The story of Qu Yuan is told as such. Once a trusted advisor and favourite at court, Qu Yuan was banished from court after falling victim to baseless slander and political intrigue. Things went steeply downhill after his exile; first, the king of Chu became a political prisoner of Qin and died in captivity. He was succeeded by his son, who also refused to pay heed to Qu Yuan’s advice. In despair, Qu Yuan plunged to his death.

A Political Allegory
We owe much of our knowledge of Qu Yuan to Sima Qian. Sima Qian experienced his own share of tribulations as a court official to the Emperor Wu of Han. His father was the court historian, a position which Sima Qian was to take up later in life. As a young man, Sima Qian travelled extensively, his travels encompassing historical landmarks including the Miluo River where Qu Yuan had committed suicide. He returned to take up a succession of positions at court. One of his most important projects is the compilation of the histories, a massive project his father earnestly bade him take up. This project would later be known to the world as the Records of the Grand Historian, in which our earliest written record of Qu Yuan is to be found.

Sima Qian enjoyed a fairly successful career until the Li Ling affair erupted. His decision to defend Li Ling, general of a failed expedition, was not well-received by the emperor. Sima Qian evaded his death sentence by opting for castration—a humiliation he endured for the sake of the Records. His thoughts were expressed most eloquently in a letter to his friend, aptly named, “Letter to Ren An”. In this letter, he explains his reasons for choosing life over death despite suffering from humiliation and injustice—then thought of as unbecoming of a gentleman scholar[2]. In his own poignant words, he writes,

“Even slaves and servant maids are able to summon the resolve (to commit suicide). Why not I? I live in shame, in the filth of captivity, for I fear my personal thoughts will never be spoken, my death unremarkable, and my writings never be known to the world.” [3]

Sima Qian references historical figures extensively. Prominent men, he argued, were sentenced to harsh punishments, of which they had no control over. Yet it was those who rose above their situation who was remembered by later generations. Qu Yuan appears in the list of eminent persons. He is to be accorded his own entry in the completed historical volume. Sima Qian drew heavily on comparisons between himself and Qu Yuan, twice in the autobiographical preface, and in his epilogue to the combined biography of Qu Yuan and Jia Yi, he writes,

“When I first read Li Sao, the ‘Heavenly Questions’, the ‘Summons of the Soul’, I grieved for the noble spirit revealed in them. Later, when I visited Changsha and saw the spot where Qu Yuan drowned himself, I wept to think what manner of man he was.” [4]

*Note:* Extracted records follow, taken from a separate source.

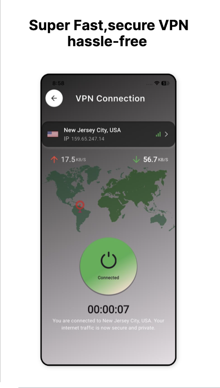 VPN sekali ketuk dengan server global untuk melindungi IP Anda dan mengenkripsi lalu lintas.
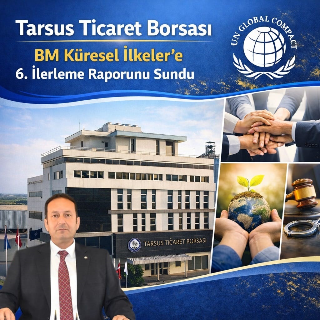 Tarsus Ticaret Borsası (TTB), 2014 yılından bu yana imzacısı olduğu United Nations Global Compact (Birleşmiş Milletler Küresel İlkeler Sözleşmesi) kapsamında hazırladığı 6. İlerleme Raporu’nu tamamlayarak kamuoyu ile paylaştı. Böylece TTB, insan hakları, çalışma standartları, çevre ve yolsuzlukla mücadele alanlarını kapsayan 10 ilkeye uyum taahhüdünü 2024–2025 döneminde de kararlılıkla sürdürdüğünü bir kez daha ortaya koydu.
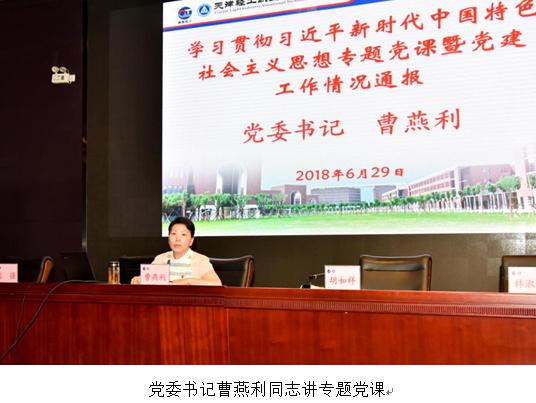 曹燕利同志向全体党员汇报了院党委在习近平新时代中国特色社会主义思想指导下进行的生动实践,并结合学院改革发展的重点任务同大家进行了深情交流,一是要深刻领会习近平新时代中国特色社会主义思想的重大意义;二是要充分发挥党委领导核心作用,用新思想指导学院创新发展新作为;三是要担当作为,对标争先,圆满完成全年工作目标。曹燕利同志强调,各党支部、全体党员干部和广大师生,要准确把握习近平新时代中国特色社会主义思想的深刻内涵和精神实质,切实把思想和行动统一到上级的要求和学院党政的部署上来,增强紧迫感、使命感和责任感,把学习成果转化为指导实践、推动教育教学和管理服务工作的强大思想武器,不忘初心、牢记使命,振奋精神、主动担当,以实际行动履行好岗位职责,为推进学院高水平创新发展做出新的贡献。
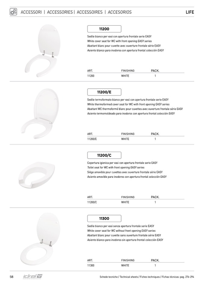 White thermoformed cover seat for WC with front opening EASY series
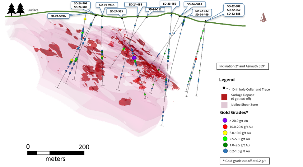 - 2.21 g/t over 13.27 m, including 7.59 g/t gold over 0.88 m in SD-24-499A within the Jubilee Shear System
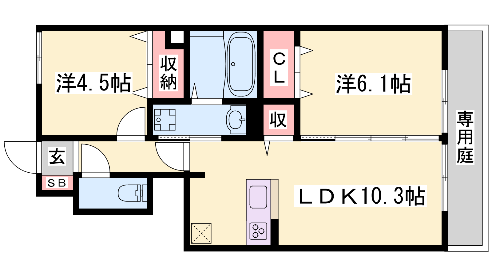 - LDK10.3帖、洋室6.1帖、洋室4.5帖
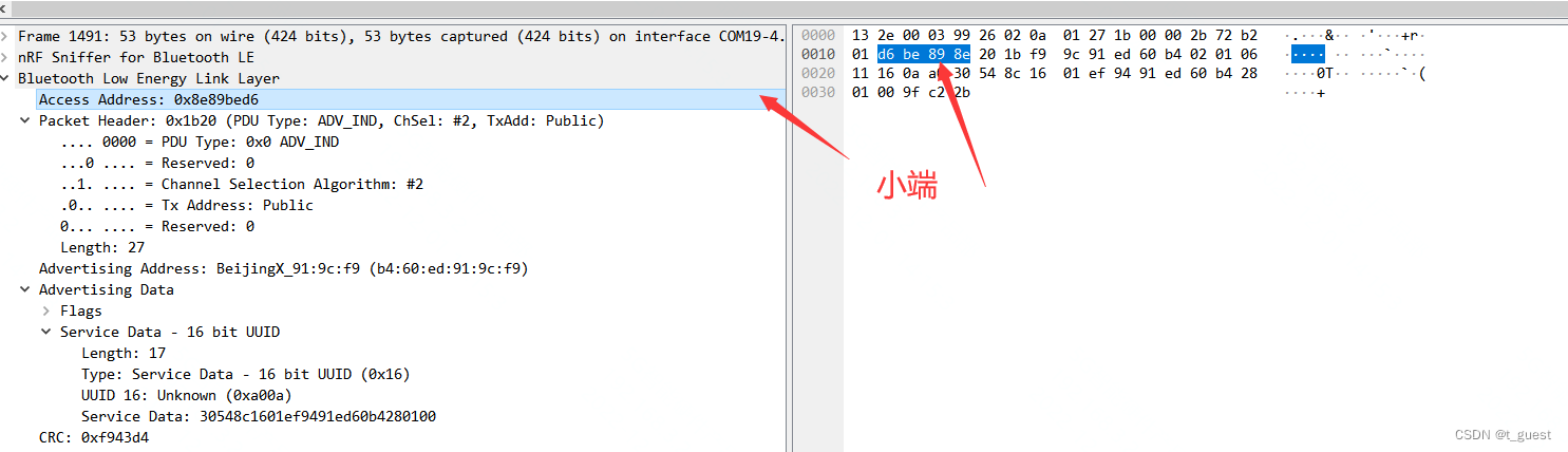 4字节,小端。上图的值为 0x8e89bed6。所以BLE设备的广播帧都是使用这个地址。
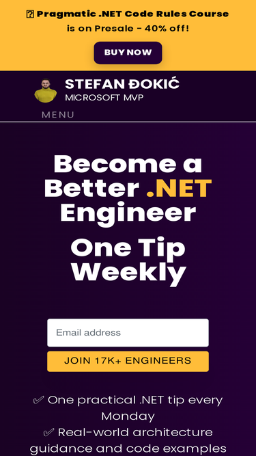 97%Stay updated with TheCodeMan.NET! Authored by Microsoft MVP Stefan Djokic, providing expert insights, tutorials, and news on .NET and C# technologies.
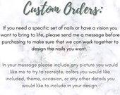 5 out of 5 starsWe ordered custom acrylic nails, and they are amazing - quality and design! The owner was very helpful and understood what we wanted. The nails are BEAUTIFUL - works of art.
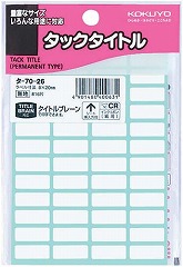 書類やファイルの分類に使用できる粘着剤付きのタイトル表示シール。鉛筆、ボールペン、サインペンなどできれいに記入できます。台紙から外して、すぐ貼れます。タイトルブレーン対応。
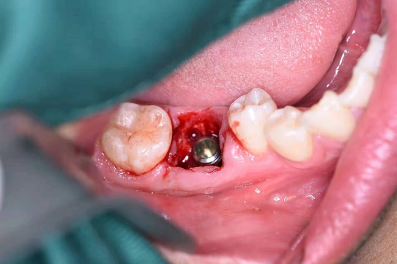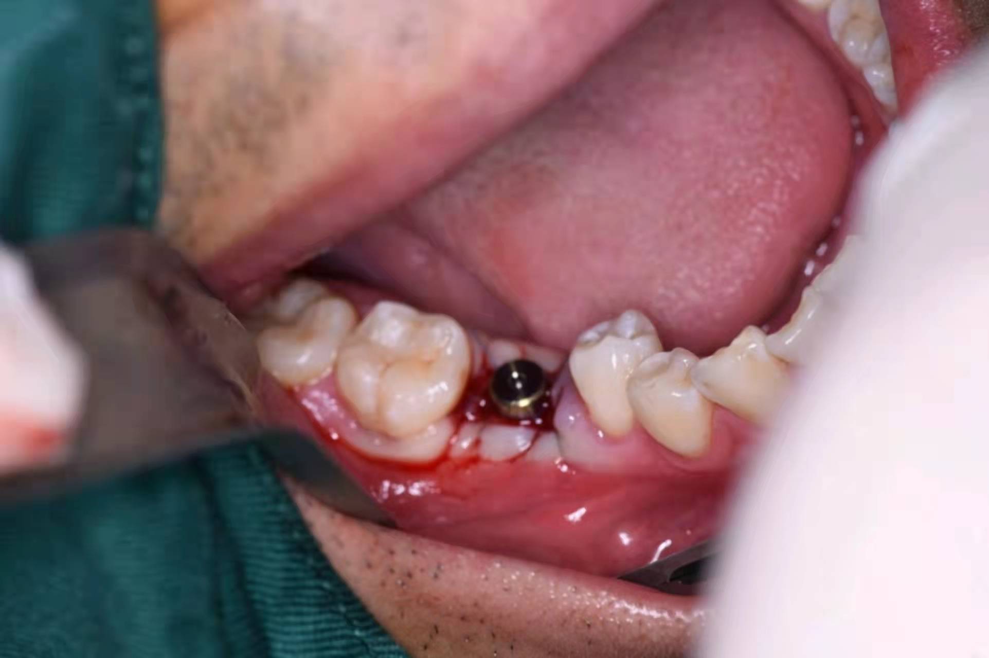 將牙齦切開一個小口,翻開之后,在暴露的牙骨上,將種植體旋入到牙槽窩內(nèi)。

It is even speculated that Sima Qian deliberately ‘edited’ facts to fit what was otherwise a hocus-pocus of sources into a narrative framework which was a thinly veiled disguise of his personal grievances. [5] He was certainly not the first nor the last to do so. Jia Yi, whose biography was combined with that of Qu Yuan’s in the Annals, wrote “A Eulogy to Qu Yuan” on his banishment to Changsha. He sympathised heavily with Qu Yuan while questioning his suicide,

“Why cherish this country, when you could have served another?”

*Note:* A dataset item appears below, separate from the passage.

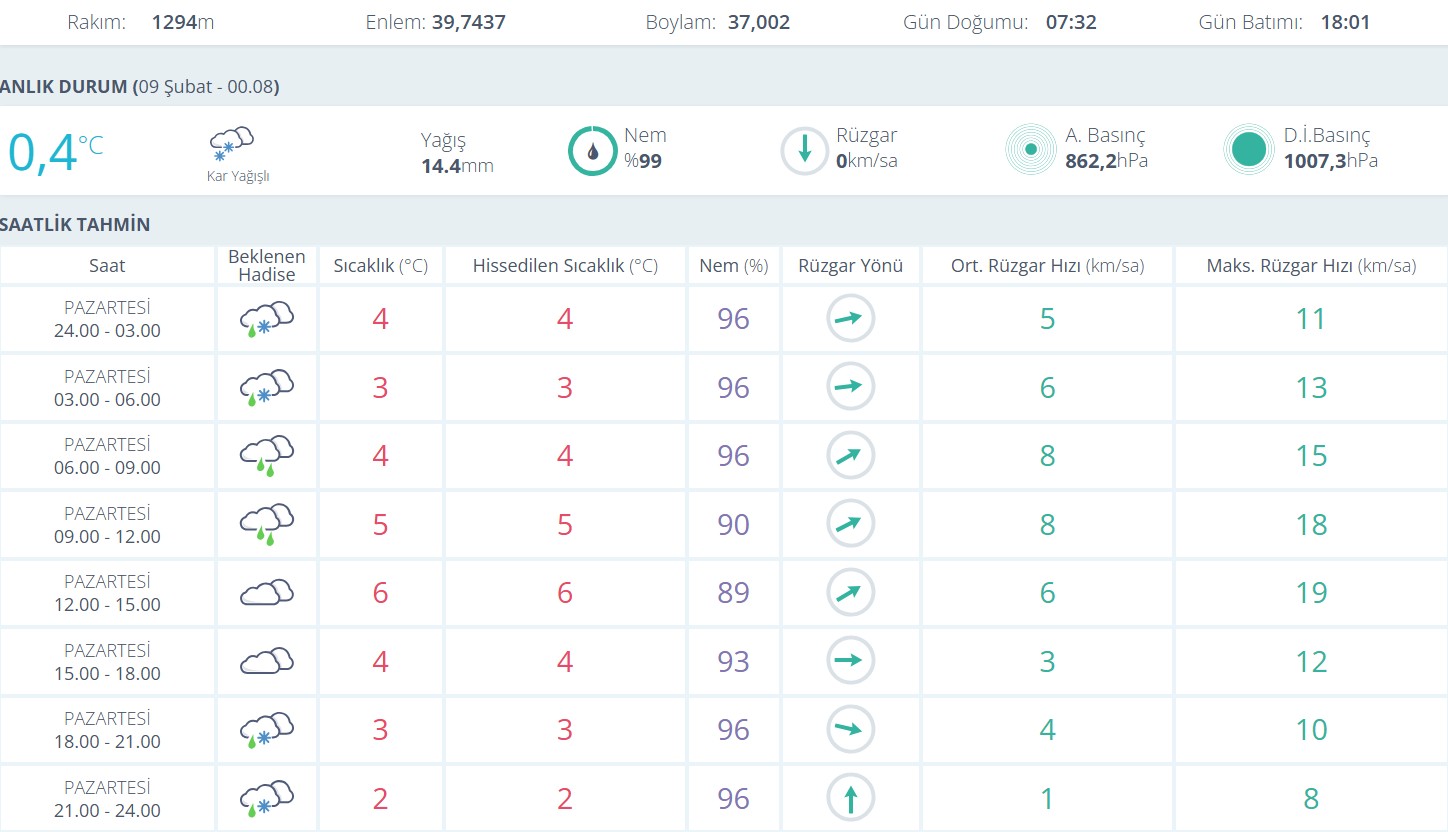 Saatlik tahminlere bakıldığında gece yarısından sabah saatlerine kadar yağışlı havanın etkisini sürdürmesi, sıcaklıkların ise 3–4 derece aralığında seyretmesi öngörülüyor. Sabah saatlerinden öğleye doğru hava sıcaklığının 5–6 dereceye kadar yükselmesi beklenirken, öğleden sonra yeniden düşüş yaşanacağı tahmin ediliyor. Akşam ve gece saatlerinde ise sıcaklıkların 2–3 derece seviyelerine gerileyerek yeniden karla karışık yağmur ihtimalini artıracağı ifade ediliyor.

The same view was echoed by Sima Qian, who wondered why didn’t Qu Yuan seek some opportunity or other in neighbouring countries, given his skill set which, in modern terms, would make him extremely employable. [6]

What is clear is how Qu Yuan served as a reference, a mirror of sorts which disappointed Chinese intellectuals could gaze into and see themselves reflected. His blamelessness and his integrity form an allusion through which disfavoured intellectuals could safely voice their disenchantment, protest their innocence, and criticise the government. However, this did not stop them from criticising Qu Yuan’s decision to take his life or question his manner of handling things. [7]

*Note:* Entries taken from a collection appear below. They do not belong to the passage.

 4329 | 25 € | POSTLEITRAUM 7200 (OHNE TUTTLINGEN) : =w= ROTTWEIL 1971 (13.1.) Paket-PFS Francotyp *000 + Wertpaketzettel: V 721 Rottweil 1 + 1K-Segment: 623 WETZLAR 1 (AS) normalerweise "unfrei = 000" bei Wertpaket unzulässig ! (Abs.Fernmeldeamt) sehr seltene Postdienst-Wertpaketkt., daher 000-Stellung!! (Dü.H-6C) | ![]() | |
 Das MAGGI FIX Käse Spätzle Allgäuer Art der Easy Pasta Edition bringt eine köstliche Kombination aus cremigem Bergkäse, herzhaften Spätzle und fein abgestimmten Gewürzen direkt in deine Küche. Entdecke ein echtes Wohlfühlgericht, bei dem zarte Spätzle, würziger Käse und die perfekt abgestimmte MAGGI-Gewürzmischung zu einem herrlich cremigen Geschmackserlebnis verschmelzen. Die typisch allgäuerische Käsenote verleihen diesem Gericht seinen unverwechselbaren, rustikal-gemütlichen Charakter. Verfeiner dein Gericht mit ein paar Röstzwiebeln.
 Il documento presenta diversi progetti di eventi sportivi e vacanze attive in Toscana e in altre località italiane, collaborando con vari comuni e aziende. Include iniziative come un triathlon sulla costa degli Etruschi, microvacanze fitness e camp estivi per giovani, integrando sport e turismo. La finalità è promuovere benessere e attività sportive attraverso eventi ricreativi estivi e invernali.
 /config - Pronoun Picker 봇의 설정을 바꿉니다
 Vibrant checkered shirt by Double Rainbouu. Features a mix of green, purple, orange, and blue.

In fact, Qu Yuan’s form of ‘patriotism’ is a product of his times, a combination of the unique sociopolitical situation of the Chu nation which sought to distinguish itself from its Northern Chinese brethren , and his social status as a gentleman scholar, or ‘shi’ (士), a circumstance which demanded his full loyalty be directed towards a ‘zhi ji’ (知己, or ‘a person who appreciated his worth’. [8] It is no accident nor literary whim that Qu Yuan chose to cast himself as a female persona in his poems, for the relationship between a gentleman scholar and his lord was akin to the relationship between a husband and wife. This sentiment is echoed by Sima Qian in his letter to Ren An, in which he writes, “A gentleman will do his utmost for one who appreciates him, just as a woman adorns herself for one who takes delights in her.” [9]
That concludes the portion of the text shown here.